THE GREATEST SONGS OF THE 1960s THAT NO ONE HAS EVER HEARD
1,700) The Strawberry Alarm Clock — “World’s on Fire”
Light some incense and pop some peppermints, here is an “epic psychedelic jam” (The Recoup, https://therecoup.com/2013/11/01/strawberry-alarm-clock-incense-and-peppermintswake-up-its-tomorrow-tune-in/) off of the SAC’s (see #127, 272, 901, 1,111) first LP that “the listener is assured of getting blissfully lost in” (ochsfan, https://rateyourmusic.com/release/album/the-strawberry-alarm-clock/incense-and-peppermints-1/), “[o]ne of the grooviest song ever!!!” (mixaliskokkinos1496, https://www.youtube.com/watch?v=xbMxAfHNcjc), “Tapping into the[ir] improvisational side . . . [it is] an 8 minute plus track assembled of thrashing congas, weaving guitar escapades and repetitious but right on drumming. Hypnotic to the core, the long winded piece demonstrates just how good the fellows were at doing the jam thing.” (Beverly Paterson, https://somethingelsereviews.com/2012/01/18/the-strawberry-alarm-clock-incense-and-peppermints-1967-2011-reissue/) The SAC’s 7th best song ever! — “I love the psychedelic opening of this grand track.” (Millie Zeiler, https://www.classicrockhistory.com/top-10-strawberry-alarm-clock-songs/)
“[I]t’s the classic cosmic Krautrock sound years before anyone would know what that meant.” (ashratom, https://rateyourmusic.com/release/album/the-strawberry-alarm-clock/incense-and-peppermints-1/) What?! Don’t listen to ashtatom, fake news!

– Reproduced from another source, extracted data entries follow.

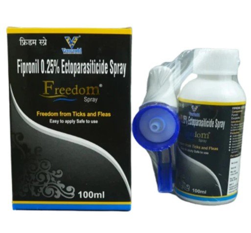 Venky’s Freedom spray contains fipronil which is an insecticide and acaricide belonging to the phenylpyrazole family. Its action results in an uncontrolled activity of central nervous system and death of insects or acarids. Fipronil has insecticidal and acaricidal effects on ticks, fleas and lice in dogs and cats.
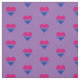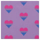 Fabric with hearts design in colours of bisexuality; pink, purple and blue stripes bi pride flag, rainbow love bi pride design on purple background
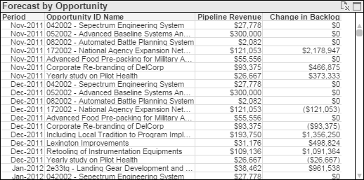 For the current period and each future period for which data exists, the table displays the estimated revenue each opportunity in your pipeline is expected to contribute, along with the resulting change in that opportunity's contribution to backlog. For example, if an opportunity is expected to contribute 10,000 in revenue for a period, that increases forecasted revenue and decreases backlog by that amount. 10,000 displays in Pipeline Revenue and (10,000) displays in Change in Backlog for that opportunity and period.

Bassist George Bunnell describes how the song came to be:
It was originally called “Colors on the Wall”. . . . [T]hat one we wrote . . . it was like we were probably in the 11th grade or something like that. We were probably 16 or 17. That one there, it was from taking pot and taking acid and that thing. It was “Colors on the Wall”. It was written by the keyboard player in my other band, The Waterfront Train Band, Fred Schwartz. . . . [H]e’s the one that had the idea of it. He and I sat. I have a cassette tape of him and I figuring out the bass part to that song and his organ part. He did the organ. He mostly wrote the lyrics about that thing. Then [our] manager [Bill Holmes] said, No, it’s about drugs. We can’t use it. So he changed the lyrics to… He called it… What did he call it? “A Beautiful World” or something first. And then he changed it to “Worlds on Fire”, and dancing flames. So he changed the lyrics. Oh, and there was a reason behind him, abruptly changing the lyrics. . . . [T]he manager told Fred . . . that we finished recording the music, and Fred said, “Well, you can’t have the song. We’re going to record it, and our band is going to do it. You guys can’t have it”. The manager got really mad at him, and then Fred chased him around the dressing room with a phone. It had a cord attached to it then. He was chasing him with the receiver. It was nuts. . .. So that night, Bill Holmes went home and wrote “World’s on Fire”, those lyrics. We went in the next day, basically, or the day after that, and did the vocal sessions with all the harmonies and stuff. Wow. Yeah, that’s how that came about, and he didn’t take credit for it.
https://psychedelicscene.com/2024/07/07/interview-george-bunnell-of-strawberry-alarm-clock/
As to SAC, Bruce Eder tells us that:
Strawberry Alarm Clock occupies a peculiar niche in the history of ’60s rock. Their name is as well known to anyone who lived through the late-’60s psychedelic era as that of almost any group one would care to mention, mostly out of its sheer, silly trippiness as a name and their one major hit, “Incense and Peppermints,” which today is virtually the tonal equivalent of a Summer of Love flashback. But there was a real group there, with members who had played for a long time on the Southern California band scene, who were proficient on their instruments and who sang well and generated four whole LPs . . . . The band’s origins go back to Glendale, CA, in the mid-’60s, and a group then known as the Sixpence. It was 1965 and all things British were still a selling point, so the name made as much sense as anything else. . . . They mostly did covers of then-popular hits and developed a considerable following in Glendale and also in Santa Barbara, playing there so often that a lot of histories have them coming out of Santa Barbara.